▸ **About this task**: With both ends included, repeat exactly the lines of the entries below from the one containing "In primul rand" down to the one containing "key1: 100 访问VIP1-2的replica节点,会返回MOVED。", and no others.

▸ **Task material**:
==*==

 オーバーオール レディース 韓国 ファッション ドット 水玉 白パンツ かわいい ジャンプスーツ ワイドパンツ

==*==

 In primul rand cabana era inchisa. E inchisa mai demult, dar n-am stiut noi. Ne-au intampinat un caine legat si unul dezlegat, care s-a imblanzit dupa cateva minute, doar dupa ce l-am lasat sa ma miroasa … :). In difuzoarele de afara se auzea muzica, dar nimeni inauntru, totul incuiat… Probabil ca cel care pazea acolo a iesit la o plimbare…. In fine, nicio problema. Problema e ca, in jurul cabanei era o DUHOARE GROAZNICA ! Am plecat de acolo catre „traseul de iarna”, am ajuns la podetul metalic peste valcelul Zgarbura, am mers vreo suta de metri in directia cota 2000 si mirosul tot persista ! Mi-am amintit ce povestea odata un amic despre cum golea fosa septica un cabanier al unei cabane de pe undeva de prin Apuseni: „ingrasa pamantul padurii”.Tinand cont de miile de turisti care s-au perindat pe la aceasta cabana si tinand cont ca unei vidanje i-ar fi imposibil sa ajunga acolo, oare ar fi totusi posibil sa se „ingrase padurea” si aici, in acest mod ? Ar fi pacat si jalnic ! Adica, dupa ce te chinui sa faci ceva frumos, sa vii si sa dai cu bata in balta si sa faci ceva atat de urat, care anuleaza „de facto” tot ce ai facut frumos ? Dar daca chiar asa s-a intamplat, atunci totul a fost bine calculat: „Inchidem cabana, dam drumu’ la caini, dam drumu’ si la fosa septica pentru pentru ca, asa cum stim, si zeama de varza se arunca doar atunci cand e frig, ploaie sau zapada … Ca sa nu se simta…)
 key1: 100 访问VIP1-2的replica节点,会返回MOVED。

==*==

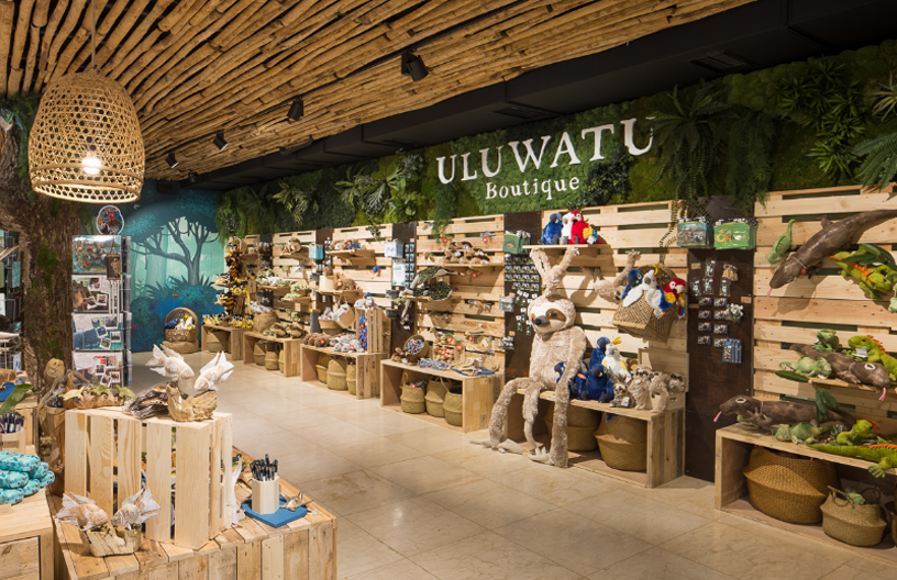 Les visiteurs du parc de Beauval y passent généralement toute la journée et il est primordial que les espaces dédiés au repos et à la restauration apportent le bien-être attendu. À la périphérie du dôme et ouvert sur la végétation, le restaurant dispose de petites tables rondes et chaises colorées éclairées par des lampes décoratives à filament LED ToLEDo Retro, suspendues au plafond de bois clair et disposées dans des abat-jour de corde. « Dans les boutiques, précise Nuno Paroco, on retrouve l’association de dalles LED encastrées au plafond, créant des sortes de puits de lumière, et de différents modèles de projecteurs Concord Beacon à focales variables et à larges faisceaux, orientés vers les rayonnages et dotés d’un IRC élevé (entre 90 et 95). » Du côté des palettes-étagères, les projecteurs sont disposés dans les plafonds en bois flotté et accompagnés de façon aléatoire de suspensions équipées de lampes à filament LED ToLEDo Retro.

==*==

▸ **Exercise output**:
 In primul rand cabana era inchisa. E inchisa mai demult, dar n-am stiut noi. Ne-au intampinat un caine legat si unul dezlegat, care s-a imblanzit dupa cateva minute, doar dupa ce l-am lasat sa ma miroasa … :). In difuzoarele de afara se auzea muzica, dar nimeni inauntru, totul incuiat… Probabil ca cel care pazea acolo a iesit la o plimbare…. In fine, nicio problema. Problema e ca, in jurul cabanei era o DUHOARE GROAZNICA ! Am plecat de acolo catre „traseul de iarna”, am ajuns la podetul metalic peste valcelul Zgarbura, am mers vreo suta de metri in directia cota 2000 si mirosul tot persista ! Mi-am amintit ce povestea odata un amic despre cum golea fosa septica un cabanier al unei cabane de pe undeva de prin Apuseni: „ingrasa pamantul padurii”.Tinand cont de miile de turisti care s-au perindat pe la aceasta cabana si tinand cont ca unei vidanje i-ar fi imposibil sa ajunga acolo, oare ar fi totusi posibil sa se „ingrase padurea” si aici, in acest mod ? Ar fi pacat si jalnic ! Adica, dupa ce te chinui sa faci ceva frumos, sa vii si sa dai cu bata in balta si sa faci ceva atat de urat, care anuleaza „de facto” tot ce ai facut frumos ? Dar daca chiar asa s-a intamplat, atunci totul a fost bine calculat: „Inchidem cabana, dam drumu’ la caini, dam drumu’ si la fosa septica pentru pentru ca, asa cum stim, si zeama de varza se arunca doar atunci cand e frig, ploaie sau zapada … Ca sa nu se simta…)
 key1: 100 访问VIP1-2的replica节点,会返回MOVED。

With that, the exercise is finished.